Concerns and needs: Representatives of diverse knowledge want to see their otherwise underrepresented knowledge reflected in Wikidata and the wider open knowledge ecosystem; they want their voices to be heard in fundamental decisions that shape the project.

Connection to strategy: Representatives of diverse knowledge are crucial in facilitating equity in decision making as those who bring important perspectives, which would otherwise be absent, to discussions and decision making processes. We can support representatives of diverse knowledge by growing expert communities in underrepresented areas, supporting project shapers and facilitators in making fundamental decisions and bringing in otherwise missing points of view.

Small and medium-size re-users

Small and medium-size re-users are building products and services on top of Wikidata’s data. They often contribute back and use Wikidata to overcome the competitive disadvantage of not owning their own knowledge graph.

Concerns and needs: Small and medium-size re-users are looking for data that is easy to access and use without the burden of collecting and maintaining it on their own.

Connection to strategy: Small and medium-size re-users are vital for increasing re-use for increased impact as those who can build new, useful applications and services on top of Wikidata’s data, thereby increasing the impact of our data in the world. These re-users tend to be more closely aligned with Wikimedia’s mission and values and include many free and open knowledge projects.
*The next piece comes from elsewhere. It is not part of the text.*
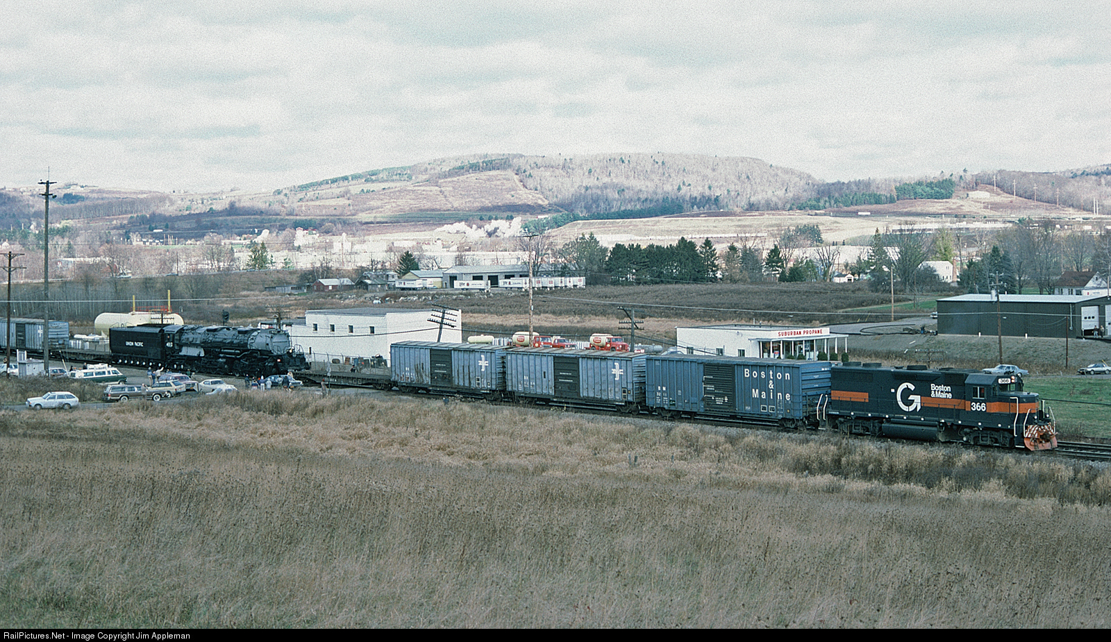 B&M 366 departs East Binghamton Yard for Scranton, PA with idler cars and UP 4012 4-8-8-4 on the final leg of the "Big Boy's" journey from Bellows Falls, VT to its new home at what will become Steamtown National Historic Site. Also note the B&M idler boxcars sans graffiti.
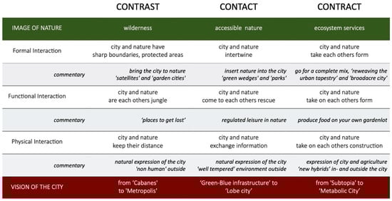The main objective is to take nature as the basis for the urban transformation. In this sense, the city is seen as being part of nature. This could be a bold statement; however, the city of Rotterdam recently presented itself as a wilderness park because its urban wildlife is so abundant []. Being part of nature enhances the health not only of the urban wilderness, but also of its human inhabitants when living close to green areas []. Developing urban areas need to achieve balance in the exchange of materials, resources, and the potential to allow co-existential living systems, urban and natural, to emerge and evolve by creating regenerative cities [,,,]. However, cities, having extracted natural resources at a large scale ever since the industrial revolution, should become reciprocal []. Three gradations of responsiveness are distinguished (Figure 6): searching for human-centred contrast, establishing nature-driven contact, and striving for nature-driven contract [].

We can support small and medium-sized re-users by making it easier to use Wikidata’s data and to give back to the commons.

Large re-users

Large re-users are global organizations that are integrating Wikidata’s data into the internal knowledge graphs driving their products and services. Typically, they are able to help us improve Wikidata’s data through their processes for user feedback and internal quality assurance.

Concerns and needs: Large re-users want easy access to high-quality data and are seeking ways to contribute in a meaningful way.

Connection to strategy: Large re-users are important for increasing re-use for increased impact and for empowering the community to increase data quality: they reach billions of people with their applications and services, and they have the resources to support us in securing and increasing data quality. We can support large re-users by making it easier for them to give back -- for example, by showing them how they can participate in the necessary work of maintaining Wikidata and by providing defined tools and processes to report issues they discover as they perform internal quality assurance.